Borich dan Tombary (Halimah, 2014 : 24) menguraikan secara ringkas bahwa ciri-ciri
individu independen dalam belajar meliputi:
(a) memfokuskan diri pada uraian
(b) materi kurikulum secara rinci
(c) memfokuskan diri pada fakta dan prinsip
(d) jarang melakukan interaksi dengan pengajar;
(e) interaksi formal dengan pengajar hanya dilakukan untuk mengerjakan tugas, dan
cenderung memilih penghargaan non-sosial
(f) lebih suka bekerja sendiri
(g) lebih suka berkompetisi
(h) mampu mengorganisasikan informasi.
Peserta didik yang memiliki gaya kognitif field independent ini memiliki karakteristik
seperti misalnya dapat memahami obyek yang terpisah dari lingkungan, memisahkan hal dari
bagian-bagian yang tidak relevan, menciptakan struktur meskipun struktur itu tidak melekat
dalam informasi yang ada, mereorganisasi informasi untuk memberi konteks bagi informasi
sebelumnya serta cenderung lebih efisien dalam mengingat bagian-bagian informasi lama.
2. Field dependent
Gaya kognitif field dependent ini merupakan suatu karakteristik dimana individu
cenderung mengorganisasi dan memproses informasi secara global sehingga persepsinya
mudah terpengaruh oleh perubahan lingkungan.

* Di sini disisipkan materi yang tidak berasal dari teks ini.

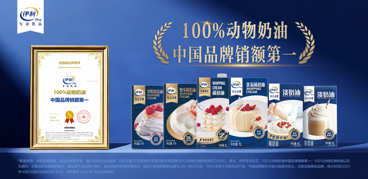 这份对品质的坚守赢得了市场的回响。凭借卓越的产品力与市场表现,伊利专业乳品荣获权威调研机构尚普咨询颁发的"100%动物奶油中国品牌销额第一"市场地位证明。这不仅是一份荣誉,更是市场对健康与品质双重期待的有力回应。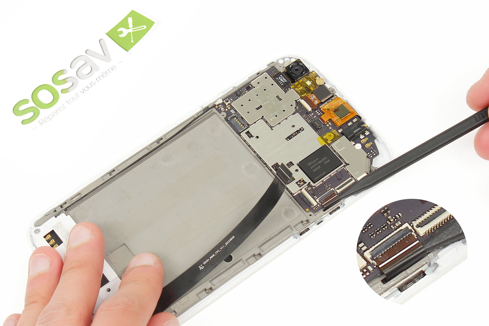Avec la spatule en nylon, déverrouillez le connecteur FPC du lecteur SIM et microSD.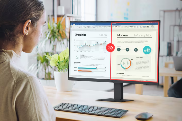 אפליקציית LG Switch מסייעת להתאים את המסך לסביבת עבודה יעילה – ניתן לחלק את התצוגה לשישה אזורים, לנהל לוחות זמנים ולהפעיל שיחות וידאו באמצעות מקשי קיצור.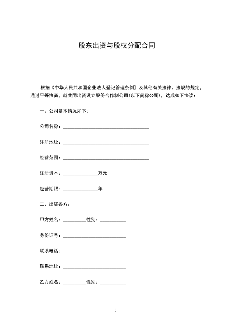 根据《中华人民共和国企业法人登记管理条例》及其他有关法律、法规的规定,通过平等协商,就共同出资设立股份合作制公司(以下简称公司),达成如下协议: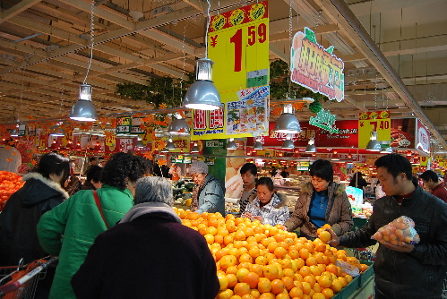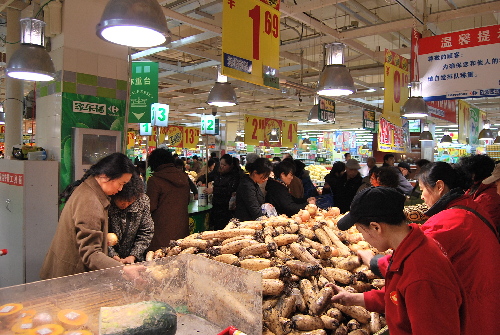 ????山東家樂(lè)福采購(gòu)中心生鮮采購(gòu)處處長(zhǎng)賈女士告訴記者,家樂(lè)福最近大大降低了蔬菜、水果、糧食等基礎(chǔ)食品類產(chǎn)品的進(jìn)場(chǎng)費(fèi),使得米、面、油、菜、蛋的整體價(jià)格下降了5%-10%。以大白菜為例,青島市的市場(chǎng)價(jià)格多在1元/斤,而家樂(lè)福的售價(jià)為0.71元/斤,比市場(chǎng)價(jià)低29%,白蘿卜0.58元/斤的超低價(jià)格,堪比去年的最低價(jià),一斤就比0.85元的市場(chǎng)價(jià)便宜了0.27元。5公斤的一級(jí)面粉售價(jià)只有14.9元,遠(yuǎn)遠(yuǎn)低于18元的市場(chǎng)價(jià)。

Ciri-ciri individu field dependent dalam
belajar diantaranya adalah :
a)Menerima konsep dan materi secara umum
b) Mengalami kesulitan untuk menghubungkan konsep-konsep dalam kurikulum dengan
pengalaman sendiri
c) Suka mencari bimbingan dan petunjuk guru
d) Memerlukan hadiah atau penghargaan untuk memperkuat interaksi dengan guru
e) Suka bekerja sama dengan orang lain dan menghargai pendapat serta perasaan orang lain
dan tak suka mengerjakan sebuah tugas dengan sendirian serta
f) Lebih menyukai organisasi materi yang disiapkan oleh guru.

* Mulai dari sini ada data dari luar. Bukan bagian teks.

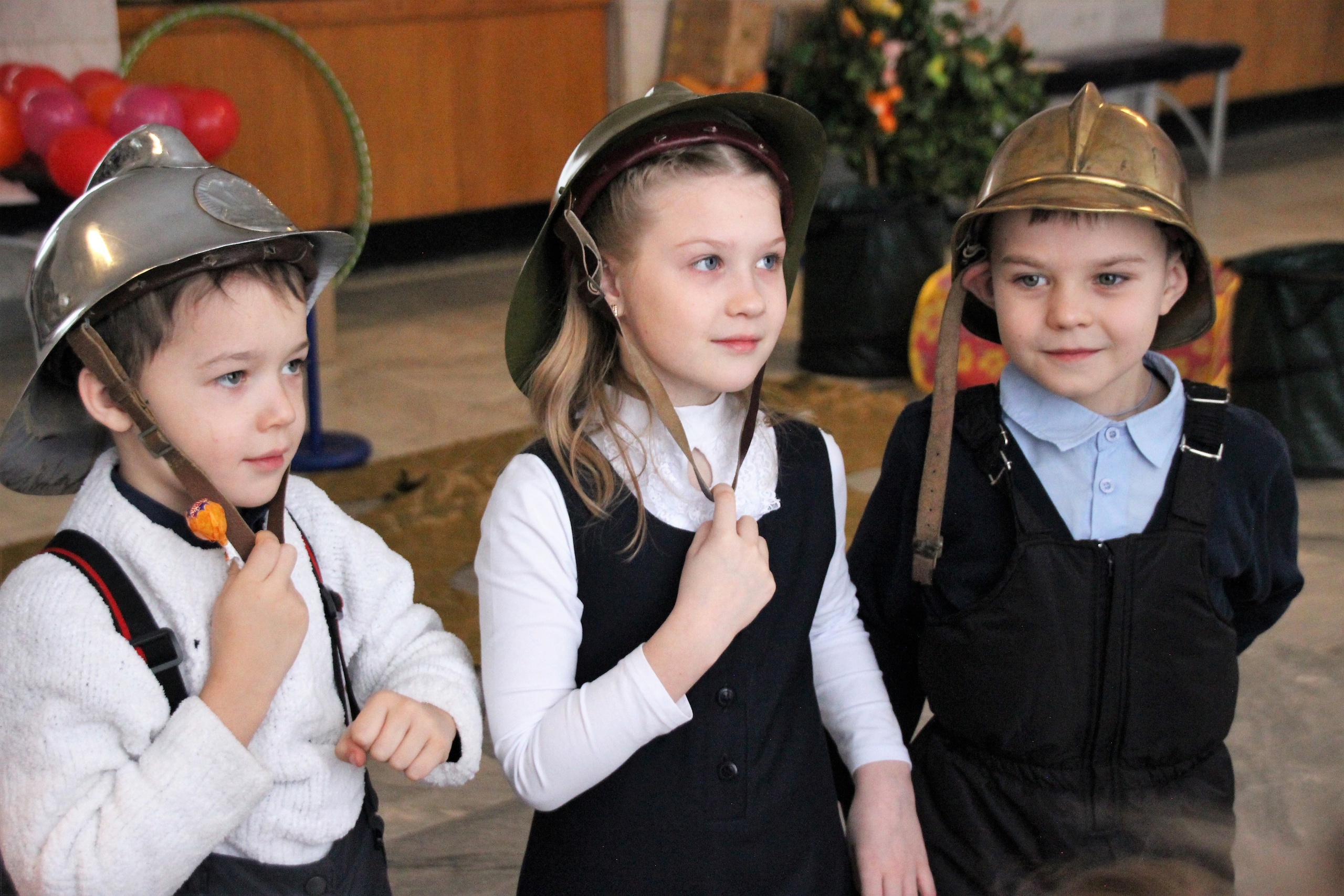 Примерили ребята и пожарные каски из коллекции музейно-выставочной экспозиции 22-го Специального управления. Ребята смогли восстановить последовательность развития экипировки пожарных. Проявили дети и качества настоящих пожарных в эстафете.

Berdasarkan definisi di atas, maka gaya kognitif field dependent ini memiliki makna
bahwa individu atau peserta didik yang mempunyai karakteristik sangat bergantung dengan
lingkungannya, lebih suka bekerja sama daripada bekerja sendiri, masih memerlukan
bimbingan atau petunjuk lebih lanjut, menerima materi dan konsep secara umum terstruktur
dan menerima informasi dengan menghafal. Dengan kata lain, gaya kognitif Field Dependent
(FD) adalah kecenderungan gaya atau cara berpikir peserta didik dalam memahami suatu
masalah secara keseluruhan.
Dari sini dapat ditarik kesimpulan bahwa gaya kognitif baik field independent atau filed
dependent adalah perbedaan atau ciri khas kecenderungan kecerdasan yang dimiliki oleh
setiap peserta didik dalam berfikir memahami suatu masalah baik memproses, menyusun,
mengolah, mengorganisasikan informasi yang diterimanya dalam proses pembelajaran
3. Otak Kiri dan Otak Kanan
Saat otak anak matang, berbagai fungsi menjadi terlateralisasi / terintegrasi menjadi
sebelah kiri atau kanan . Otak sebelah kiri dikaitkan dengan pemikiran logis dan analitis,
dengan pemrosesan informasi matematis dan linier. Sedangkan otak sebelah kanan merasakan
dan mengingat gambar visual, taktil, dan pendengaran lebih efisien dalam memproses
informasi holistik, integratif, dan emosional. Torrance (1980) mendaftar beberapa
karakteristik dominasi otak kiri dan kanan. Berikut perbedaaan karakteristik otak kanan dan
kiri menurut Torrance.
a. Karakteristik otak kiri : Intelektual,Mengingat nama, merespons intsruksi verbal,
bereksperimen secara sistematis dan terkontrol, direncanakan dan terstruktur,penilaian
bersifat objektif, lebih menyukai berbicara daripada menulis, mengendalikan perasaan,
tidak pandai dalam menafsirkan bahasa tubuh, lebih memilih tes pilihan ganda.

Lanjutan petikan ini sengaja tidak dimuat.